What is Web Scrapping
- Automatic gathering of data from internet. A web Scrapping programmer can be called as a BOT.
Why web Scrapping?
- It allows us to get data more than we generally get in a browser. It can search through multiple/hundreds of pages at once instead of page(in browser).
Our First Web Scrapping
from urllib.request import urlopen
html = urlopen("http://pythonscrapping.com/pages/page1.html")
print(html.read())
urllib - in Python3.x, the urllib2 of python2.x is renamed to urllib and was split into several sub modules a. urllib.request b. urllib.parse c. urllib.error urllib is a standard python library and it contains function to request data accross the web, handling cookies, and even changing metaData such as headers.
A Beautiful Soup
The beautiful soup or bs4 is not a default library and we have to download/install it. Windows - pip install beautifulsoup4 linux - sudo apt-get install pyhton-bs4 You can visit crummy.com for details on beautifulSoup.

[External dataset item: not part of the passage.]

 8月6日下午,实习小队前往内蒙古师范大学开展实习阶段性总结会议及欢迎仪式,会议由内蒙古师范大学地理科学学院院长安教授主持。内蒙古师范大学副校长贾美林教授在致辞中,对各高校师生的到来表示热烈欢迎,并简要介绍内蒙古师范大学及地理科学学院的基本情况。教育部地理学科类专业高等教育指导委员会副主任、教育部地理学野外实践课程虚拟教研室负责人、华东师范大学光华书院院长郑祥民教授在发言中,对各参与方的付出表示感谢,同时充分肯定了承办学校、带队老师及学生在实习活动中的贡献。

Our First Web Scrapping with bs4
from urllib.request import urlopen
from bs4 import BeautifulSoup
html = urlopen("http://pythonscraping.com/blog")

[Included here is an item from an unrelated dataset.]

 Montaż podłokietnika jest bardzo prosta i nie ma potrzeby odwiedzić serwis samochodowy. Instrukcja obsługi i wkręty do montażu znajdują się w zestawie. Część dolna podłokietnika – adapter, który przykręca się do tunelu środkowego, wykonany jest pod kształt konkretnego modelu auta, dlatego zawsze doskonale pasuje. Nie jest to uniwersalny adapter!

bsObj = BeautifulSoup(html.read())
//print(html.read())
print(bsObj.h1)
If you are getting an error like this -- bs4.FeatureNotFound: Couldn't find a tree builder with the features you requested: lxml. Do you need to install a parser library? -- Make sure you install the LXML parser, using -- pip install lxml Microsoft Windows [Version 6.1.7601] Copyright (c) 2009 Microsoft Corporation. All rights reserved. C:\Users\SouravG>pip install lxml Collecting lxml Downloading https://files.pythonhosted.org/packages/3c/06/d8db111411e4ad0677d72985af1d45ead6f1d0e8d09d80bddc45c1f91cfe/lxml-4.2.3-cp36-cp36m-win_amd64.whl (3.6MB) 100% |████████████████████████████████| 3.6MB 620kB/s Installing collected packages: lxml Successfully installed lxml-4.2.3
Exception Handling:
So if you see the line --
html = urlopen("http://pythonscraping.com/pages/page1.html")
There are 2 main thing that can go wrong
--The page is not found, or error retreiving it
--The server is not found
In all of these cases, the urlopen will generate the generic exception. We can handle the exception in the following way.
from urllib.request import urlopen
from urllib.error import HTTPError
from urllib.error import URLError
try:
html=urlopen("http://pythonscraping.com")
except HTTPError as e:
print(e)
#return null, break or other
except URLError as e:
print("The server could not be found")
else:
print("It worked")
#the program continue
example2
from urllib.request import urlopen
from bs4 import BeautifulSoup
html = urlopen("http://pythonscraping.com")
bsObj = BeautifulSoup(html.read(), 'lxml')
print(bsObj.prettify())
# print(bsObj.nonExistingTag.someTag)
example3
from urllib.request import urlopen
from bs4 import BeautifulSoup
html = urlopen("http://pythonscraping.com")
bsObj = BeautifulSoup(html.read(), 'lxml')
# print(bsObj.prettify())
# print(bsObj.nonExistingTag.someTag)
try:
badContent = bsObj.nonExistingTag.anotherTag
# badContent = bsObj.prettify()
print("I m in try block")
except AttributeError as AE:
print("Tag was not found")
else:
if badContent == None:
print("Tag was not found here EITHER")
else:
#print(badContent)
print("Ok, Ok, Ok... I got You")